<small>

**Key differences from JAX implementation:**  
- <b>Network definition:</b> Use a Flax <code>nn.Module</code> (e.g., an <code>MLP</code> class) instead of lists of parameter dicts.  
- <b>Initialization:</b> Flax handles parameter initialization with <code>model.init(...)</code>, using specified initializers within the class.  
- <b>Forward pass:</b> Compute outputs with <code>model.apply(params, x)</code> instead of manual matrix multiplications.  

</small>

In [29]:
from typing import Sequence

import jax
import jax.numpy as jnp
import tensorflow_datasets as tfds
from flax import linen as nn
from flax.training import train_state
import optax
import orbax.checkpoint as ocp
from pathlib import Path


In [30]:
# Load MNIST from TensorFlow Datasets
data_dir = '/tmp/tfds' # data_dir = './data/tfds'
mnist_data, info = tfds.load(name="mnist", batch_size=-1, data_dir=data_dir, with_info=True)

In [31]:
def normalise(x, x_max=255.0):
    return x / x_max

def convert_to_jax(data_np, data_type):
    if data_type == "image":
        data_jax = normalise(jnp.array(data_np, dtype=jnp.float32))
    elif data_type == "label":
        data_jax = jnp.array(data_np)
    else:
        raise ValueError("not image or label")
    return data_jax

def flatten_image_for_mlp(data_jax):
    """Produces one greyscale vector per sample"""
    n_batch, n_pixels_vertical, n_pixels_horizontal, n_channels = data_jax.shape
    data_flattened = data_jax.reshape(n_batch, -1)
    return data_flattened

def prepare_data(data_dict: dict, subsample_size: int=0):
    data_jax = {}
    for data_type, data_tf in data_dict.items():
        data_numpy = data_tf.numpy()
        data = convert_to_jax(data_numpy, data_type)
        if data_type == "image":
            data = flatten_image_for_mlp(data)
        if subsample_size > 0:
            data = data[:subsample_size]
        data_jax[data_type] = data

    return data_jax

In [32]:
class MLP(nn.Module):
    layer_sizes: Sequence[int]

    @nn.compact
    def __call__(self, activations):
        for layer_number, layer_size in enumerate(self.layer_sizes):
            activations = nn.Dense(
                layer_size,
                kernel_init=nn.initializers.normal(0.1),
                bias_init=nn.initializers.normal(0.1)
            )(activations)

            if layer_number != (len(self.layer_sizes) - 1):
                activations = nn.relu(activations)
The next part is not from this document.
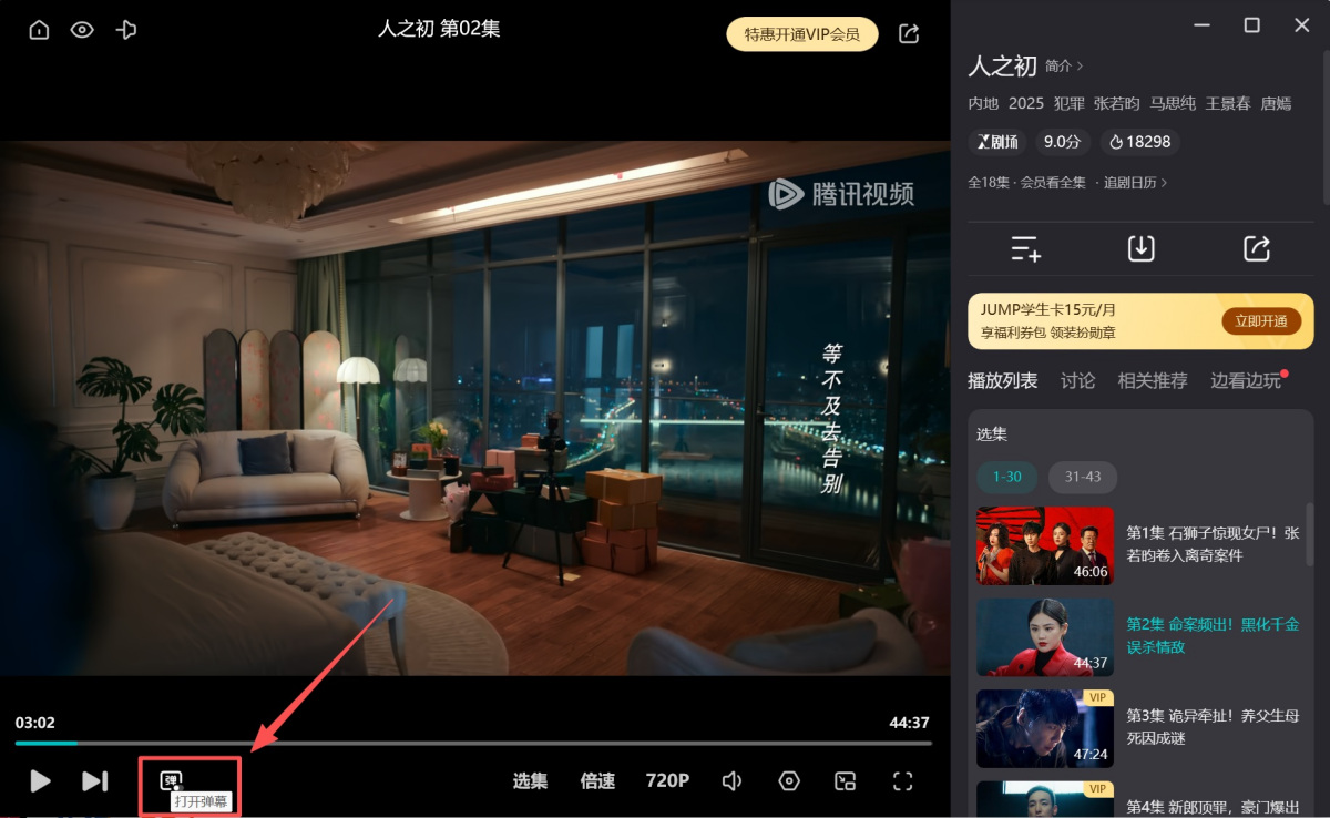 2.若您的弹幕为关闭状态,请先点击【打开弹幕】,再重复上述步骤即可

        return activations

In [None]:
class LowRankDense(nn.Module):
    """Low-rank dense layer implemented with two factors and einsum.
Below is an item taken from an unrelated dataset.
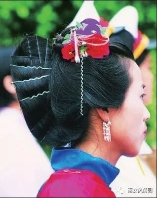 后者也蒙上头巾,但头巾上缀有红色小花蕾,中青年妇女多把双辫子折在头顶的两侧,包上头巾似有梭角的感觉。

    Parameters are U in R^{in_features x rank} and V in R^{rank x features}.
    The forward pass computes y = (x @ U) @ V + b using einsum.
    """
    features: int
    rank: int
    use_bias: bool = True

    @nn.compact
    def __call__(self, inputs):
        # inputs: [batch, in_features]
        in_features = inputs.shape[-1]

        U = self.param(
            "U",
            nn.initializers.normal(0.1),
            (in_features, self.rank),
        )
        V = self.param(
            "V",
            nn.initializers.normal(0.1),
            (self.rank, self.features),
        )

        hidden = jnp.einsum("bi,ir->br", inputs, U)
        y = jnp.einsum("br,rf->bf", hidden, V)

        if self.use_bias:
            bias = self.param(
                "bias",
                nn.initializers.normal(0.1),
                (self.features,),
            )
            y = y + bias

        return y


class LowRankMLP(nn.Module):
    """
    Every layer uses the same low-rank dimension rank (="rank")
    """
    layer_sizes: Sequence[int]
    rank: int

    @nn.compact
    def __call__(self, activations):
        for layer_number, layer_size in enumerate(self.layer_sizes):
            activations = LowRankDense(
                features=layer_size,
                rank=self.rank,
                use_bias=True,
            )(activations)

            if layer_number != (len(self.layer_sizes) - 1):
                activations = nn.relu(activations)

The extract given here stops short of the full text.